Remove the voting barrier
By Alvaro F. Fernandez, Special to the Sentinel
On Election Day, Floridians may again see a mishandled election that unfairly disenfranchises eligible voters. To avoid this, I call on Secretary of State Kurt Browning to suspend enforcement of the "no match, no vote" voter verification statute. He can and should delay enforcing this burdensome and unnecessary law.
This law prevents newly-registered voters from voting by regular ballot if the state doesn't verify their drivers license or Social Security number by matching it with a state or federal database -- even when the source of the problem is a clerical error or typographical error.
County officials must notify unmatched applicants who, to be added to the voter rolls, must provide a copy of their drivers license or Social Security card. If applicants don't receive or understand that notice and appear at the polls on Election Day, they get a provisional ballot -- which won't count unless they give officials a copy of their valid identification card within 48 hours.
The requirement places unnecessary obstacles in the paths of people who are energized by the upcoming election and excited to vote for the first time -- and disenfranchises voters unless they correct clerical errors made by the government.
Before the presidential primary, 16,000 citizens were blocked from the voter rolls by the law. It disproportionately impacts voters of color who have nontraditional names, including Latino voters who use two surnames, thus increasing the likelihood of clerical errors. In 2006 and 2007, 65 percent of the unmatched applicants were either Latino or African American. Latinos comprised only 15 percent of the applicant pool, but a whopping 39 percent of them were prevented from registering. African Americans comprised only 13 percent of the applicant pool, yet 26 percent of them were kept from the rolls.

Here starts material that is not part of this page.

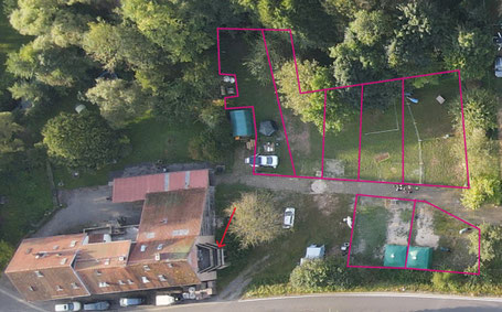 Die Ferienwohnungen haben jeweils einen Balkon (siehe roter Pfeil im neben/unten stehenden Bild) von dem aus Du Dein Pferd jederzeit sehen kannst.

Browning says this law is necessary to prevent fraudulent voters from registering -- despite scant evidence of voter-registration fraud in Florida. And while election officials must verify voters' identities -- that is, make sure voters are who they say they are -- this law does not accomplish that purpose. Indeed, voters who verify their identities by showing poll workers their drivers licenses, U.S. passports or military identifications will have their votes go uncounted if they do not give election officials an extra copy of an ID card in the two days after the election.
Last year, the Southwest Voter Registration Education Project and other groups challenged the law in federal court, and the court blocked enforcement of the law for the presidential primary. That ruling was reversed on appeal, but the lawsuit continues, and there hasn't yet been a final ruling. This makes all the more puzzling Browning's announcement that he would abruptly begin enforcing the burdensome law just weeks before the registration deadline.
Browning should not put Florida's voters at risk. The Division of Elections is already overwhelmed trying to process a backlog of thousands of new applications. Forcing officials to contend with an unnecessary matching law when they're already inundated makes no sense -- especially because the law won't stop any voter fraud and will stop thousands of citizens from having their ballots counted on Election Day.
Alvaro F. Fernandez is a regional director of the Southwest Voter Registration Education Project, a plaintiff in a lawsuit challenging the voter verification law.